0

It's a follow up for this question and a print screen embedded there with document view still applies. The code is run from Excel VBA editor.

There is unknown number of email addresses in the Word document and:

  1. I need to extract all of them,

  2. concatenate into one string that contains all of the email addresses, separated using ", "

  3. and fill the string into Excel cell Activesheet.Range("C31")

Currently I have a code that finds the @ sign and builds email address around that. This is how it looks like:

Sub FindEmail036()         '[0-9;A-z;,._-]{1;}\@[0-9;A-z;._-]{1;}
                           '[0-9;A-z;,._-]{1;}\@[0-9;A-z;._-]{1;}
Dim WordApp As Word.Application
Dim WordDoc As Word.Document
Dim ExcelApp As Excel.Application
Dim rng As Word.Range
Dim emailAdr As String
Dim ws As Worksheet
Dim iCount As Integer

Set WordApp = GetObject(, "Word.Application")
Set ExcelApp = GetObject(, "Excel.Application")
Set WordDoc = WordApp.ActiveDocument
Set rng = WordApp.ActiveDocument.Content
Set ws = ExcelApp.ActiveSheet

ExcelApp.Application.Visible = True

    With rng.Find
        .Text = "@"
        .Wrap = wdFindContinue
        .Forward = True
        .MatchWildcards = False
        .Execute

        Debug.Print rng.Text
        If .Found = True Then
            rng.MoveStartUntil Cset:=" ", Count:=wdBackward
            Debug.Print rng.Text
            rng.MoveEndUntil Cset:=","
            Debug.Print rng.Text
            'rng.MoveEndUntil Cset:=" ", Count:=wdBackward
        End If
    End With     'how to create loop that will extract all the email addresses in the document??
    ws.Range("C31").Value = rng
End Sub

This code only extracts the first email address and is not looking for next email addresses.
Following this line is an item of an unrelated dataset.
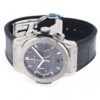 Hublot Classic Fusion Racing Grey Chronograph Titanium 45mm watch. Polished titanium case with brushed finished top and bottom center links between the lugs, Reference 521.NX.7071.LR. This model has Satin-finished Gray Sunray dial with a contrasting metallic silvered sub-dials. Polished, rhodium-plated hands indicate the time. Applied brushed finish Stainless Steel “applique” style index hour markers. Minute markers around the outer rim. Small-seconds sub-dial located at the 3 o’clock position. Chronograph/Stopwatch function: large central seconds counter with the “H” logo as a counter-weight; 30-minute sub-dial counter located at the 9 o’clock position. Polished titanium chronograph buttons. Date window located the 6 o’clock positions. Polished titanium crown with Pull / Press function. On it, the Hublot logo engraved on it. The dial closed by a Scratch-resistant Sapphire Crystal with Anti-reflective Treatment. Of Sapphire Crystal made transparent case back. The watch is equipped fixed titanium bezel with brushed finished top and polished finished beveled edges, secured with 6 polished “H” style Titanium screws. Black composite resin “bezel lug” sandwiched between the bezel and case. The watch is self-winding mechanical Hublot Caliber HUB1143, contains 59 Jewels and has an approximate power reserve of 42 hours. This model presented on a Gray Alligator/Crocodile Leather Strap with Lining of Black rubber stiched with Stainless Steel Deployant Buckle Clasp. The water resistance is up to 50m/150ft (5 ATM).

I know this because I'm debugging using F8 and Immediate window and I can see, this code is just finishing search after it finds @ and constructs first complete email address.

I guess some loop is necessary but I don't know how to do write it.

I've also found this source but I don't understand much from it. https://wordmvp.com/FAQs/MacrosVBA/NoTimesTextInDoc.htm

michal roesler
  • 479
  • 2
  • 9
  • 26
  • Extract, but then what are you looking to do with each address? – Joey Feb 10 '20 at 15:53
  • I need to concatenate all email addresses into one string that contains all of the email addresses, separated using ", " and fill the string into one Excel cell Activesheet.Range("C31"). – michal roesler Feb 10 '20 at 16:42
  • Re using RegEx to find email addresses, [you might find this of use](https://stackoverflow.com/questions/201323/how-to-validate-an-email-address-using-a-regular-expression) – chris neilsen Feb 11 '20 at 01:06

4 Answers4

1

I recommend using regular expressions.

Check Reference: Microsoft VBscript Regular Expressions X.X

Sub FindEmail()
    Dim WordApp As Word.Application
    Dim WordDoc As Word.Document
    Dim ExcelApp As Excel.Application

    Dim StrInput As String, sPattern As String
    Dim oEmail As MatchCollection
    Dim Ws As Worksheet
    Dim vR()
    Dim n As Long, i As Long

    Set WordApp = GetObject(, "Word.Application")
    Set ExcelApp = GetObject(, "Excel.Application")
    Set WordDoc = WordApp.ActiveDocument

    StrInput = WordDoc.Content
    Set Ws = ExcelApp.ActiveSheet

    sPattern = "([A-z0-9.]{1,})(@)([A-z0-9]{0,})(.)([A-z0-9]{1,})"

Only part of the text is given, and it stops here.